The British sex comedy was getting into the swing of things in 1971 which brought the world one of many aphrodisiac yarns, the self-explanatory She'll Follow You Anywhere, the thought that there was some magic formula men could use to get the women turned on and available for seduction one that proved irresistable at the time - to the makers of movies like this, if not the women themselves. When that aphrodisiac in this case is an aftershave Mike and Alan have devised purely by accident, the parallels between their invention and the more modern date rape drugs were difficult to deny when watching this today, especially as the ladies involved would have had nothing to do with these berks without chemical influence.

Therefore this effort has something of a mountain climb if you were going to enjoy it unironically as a straightforward smutty comedy, and indeed the rapey element was just one of a number of issues the twenty-first century viewer may have with it. For a start, rather than at least being eligible bachelors, our protagonists are well and truly married, Alan to the husky voiced Hilary Pritchard as Diane who happens to be friends with June, both of them having suspicions raised when their hubbies are working late just about every night. The reason for that is Mike and Alan are out in the unlikely location of an Army bunker in the woods just outside the appropriately-named Effingham (about the nearest this gets to a decent joke).

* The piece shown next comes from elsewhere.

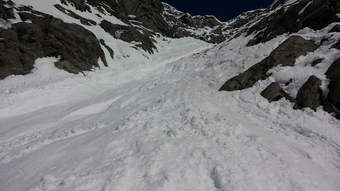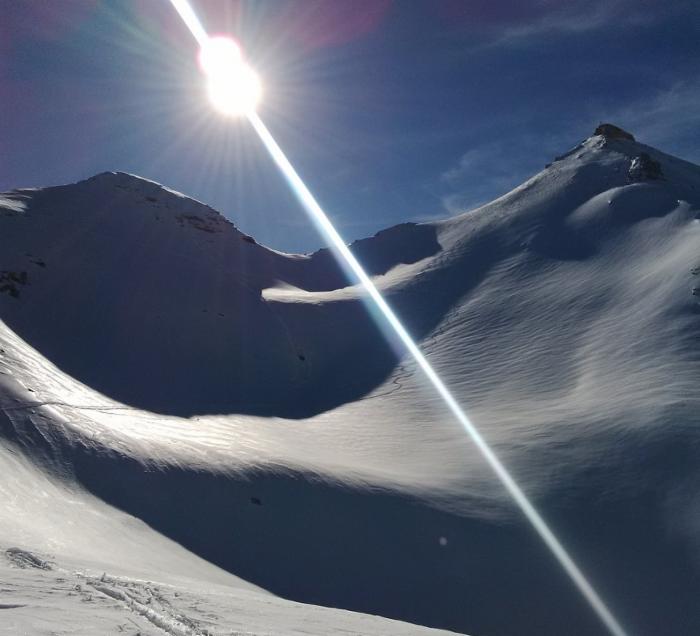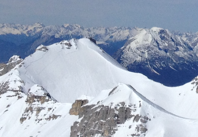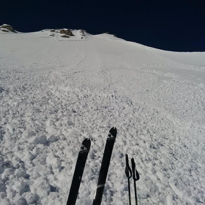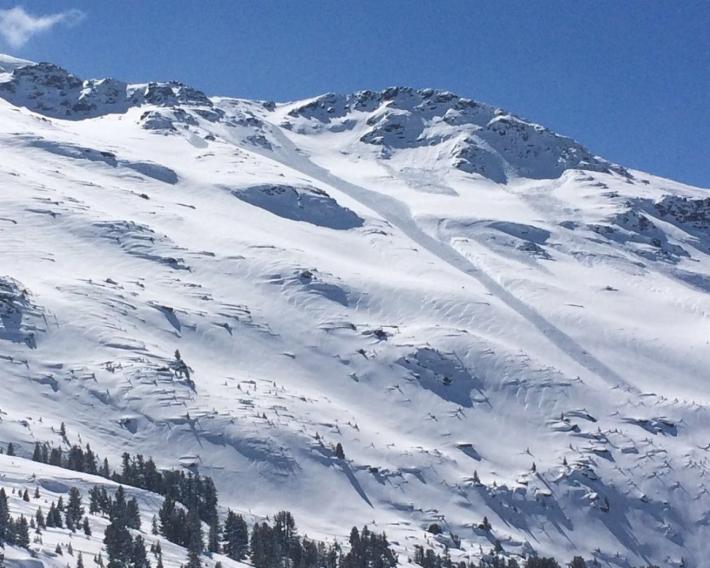 26.03.16: Glungezer von daheim: Weil's in der Früh noch ziemlich grauslig war, hab ich keinen rechten Auftrieb gehabt. Da das Wetter nur zögerlich besser wurde, ist mir mal wieder nix besseres als der Glungezer eingefallen. Den Parkplatz-Stress am Tulfer Berg mag ich gar nicht und so bin i von daheim weg. Mit dem Radl bin i nit weit gekommen und zu Fuß ging's dann durch den Wald bis ca. 1300 m. Bis zur Kalten Kuchl war dann Spuren auf den Forstwegen angesagt. Beim weiteren Anstieg hab ich dann immer wieder die sehr verlockende Direttissi beobachtet - hm, allerdings sind dort immer wieder kleine Schneerutsche abgegangen. Hab mich daraufhin für den Glungezer und den Osthang entschieden, auch weil mir auf der Sonnenspitze zu viel los war. Beim Spuren auf den Glungi, die letzten 250 hm, hat sich der Schnee unter mir immer wieder gesetzt, weil der Neuschnee ziemlich vom Wind beeinflusst war - heute heißt's also besonders aufpassen (drum ist selber spuren, nie ein Fehler). Gut, dass der Osthang vom Gipfel bis runter auf 2500 m nicht besonders steil ist und danach war dann der Schnee schon stabiler gelagert und so war der Osthang m. E. schon vertretbar und auch gut zu fahren. Unten auf der Piste, sah ich dann, dass die gesamte Direttissi infolge Selbstauslösungen aus den Felsen heraus eingelahnt war und zwar genau dort, wo ich eigentlich immer runter fahre. So ein Anblick macht dann schon nachdenklich. Leider hab ich nix zum Fotografieren dabei gehabt. Viele Skifahren haben Fotos gemacht - vielleicht liest ja jemand das und es wäre sehr nett, wenn man mir ein Foto mailen würde - Danke richioben@hotmail.com. Danke Alfred Platzer (www.brennstueberl.at) und Christian Maier, dass ihr mir Fotos geschickt habt - hoffe, ihr seit einverstanden, wenn ich eins auf die Seite tue. Nach sehr viel Schnee schaut's auf dem Foto zwar nicht aus, aber das könnte schon reichen - mir ist's jedenfalls eine Warnung.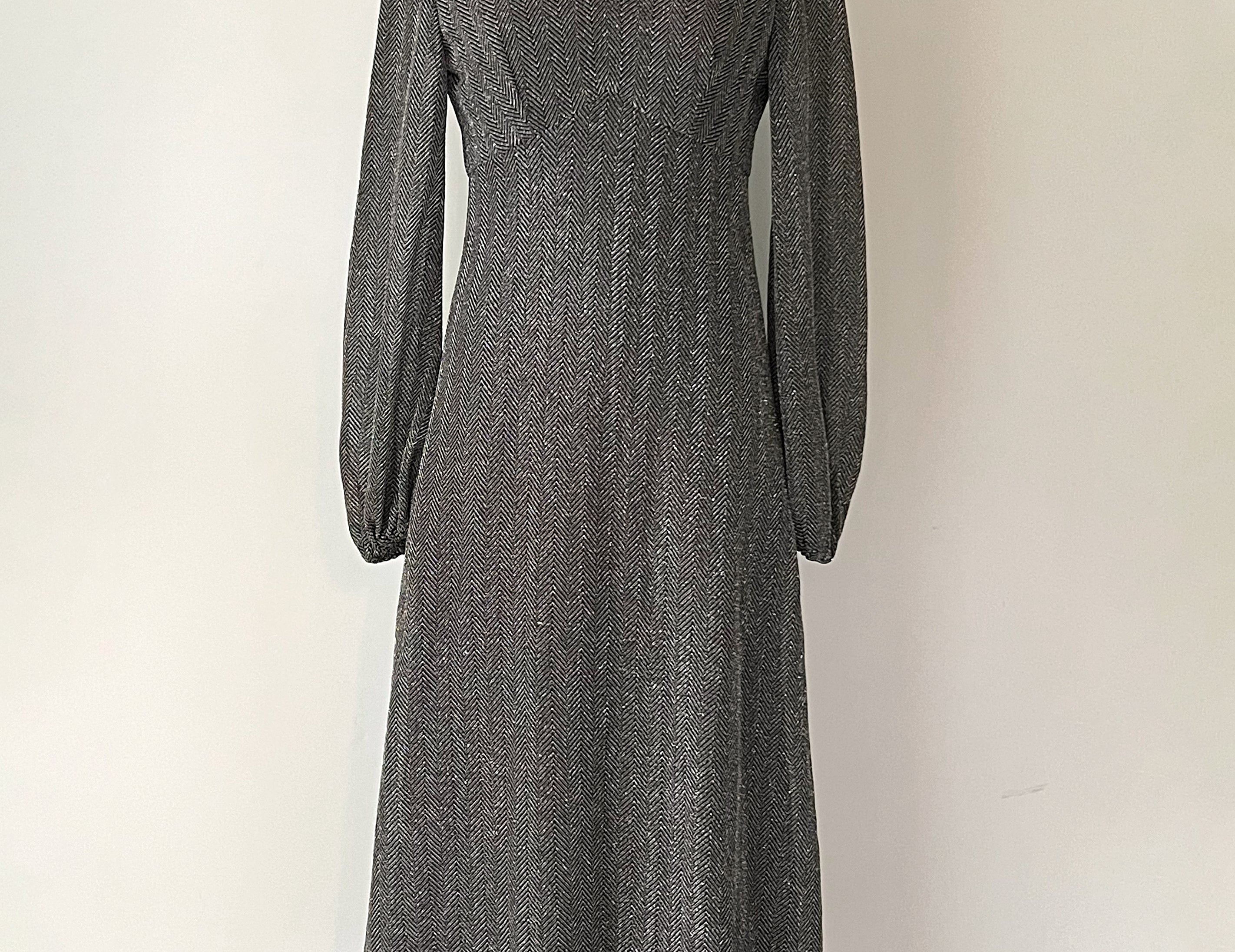 Cut to an iconic 70s empire-waisted maxi silhouette with a soft V-neck and full hemline

They have transformed this into a red lampshade, double bed, patterned scarf-festooned boudoir not unlike what the average seventies bloke would imagine a high class brothel would look like, which is somehow supposed to render this more acceptable. But then there's the details: whenever the targets get a whiff of the aftershave, they immediately envisage the man of their dreams to be Alan or Mike, so we get a brief still of George Best to indicate thus, though when the still is of H.R.H. Prince Philip this is simply getting bizarre. Or even offensive: one German girl brought back to the bunker sees a "celebrity" from her homeland, yes, who else but Adolf Hitler? This also turns her into a fiend for sadomasochism as she chases Alan around the room trying to whip him with the handle of a feather duster.

International bones of contention aside, one problem the audience may have had with She'll Follow You Anywhere was filmmakers' reluctance to ask the actresses to strip off to anything less than their underwear, indeed we saw more of Keith Barron than we did of most of them, though sadly for comic potential at no point did he get cramp. Mind you, if these characters were against their will parading around in their birthday suits it might have been even more uncomfortable to watch than it was already, the fact that Alan and Mike are depicted to leave us in no doubt that they were idiots not really soothing any concerns. Sure, they feel a bit guilty, but like addicts seeking their next fix they pursue the perfect combination of concoctions, leading to various drawbacks such as Mike having to visit the clinic where his member is examined by a doctor who lifts it with the tongs he uses to put sugar lumps in his tea. After lecherous boss Richard Vernon gets in on the act, the only course is to leave us with the obvious punchline seeing revenge visited on the experimenters. So there you go, men are pigs. Music by Gordon Rose.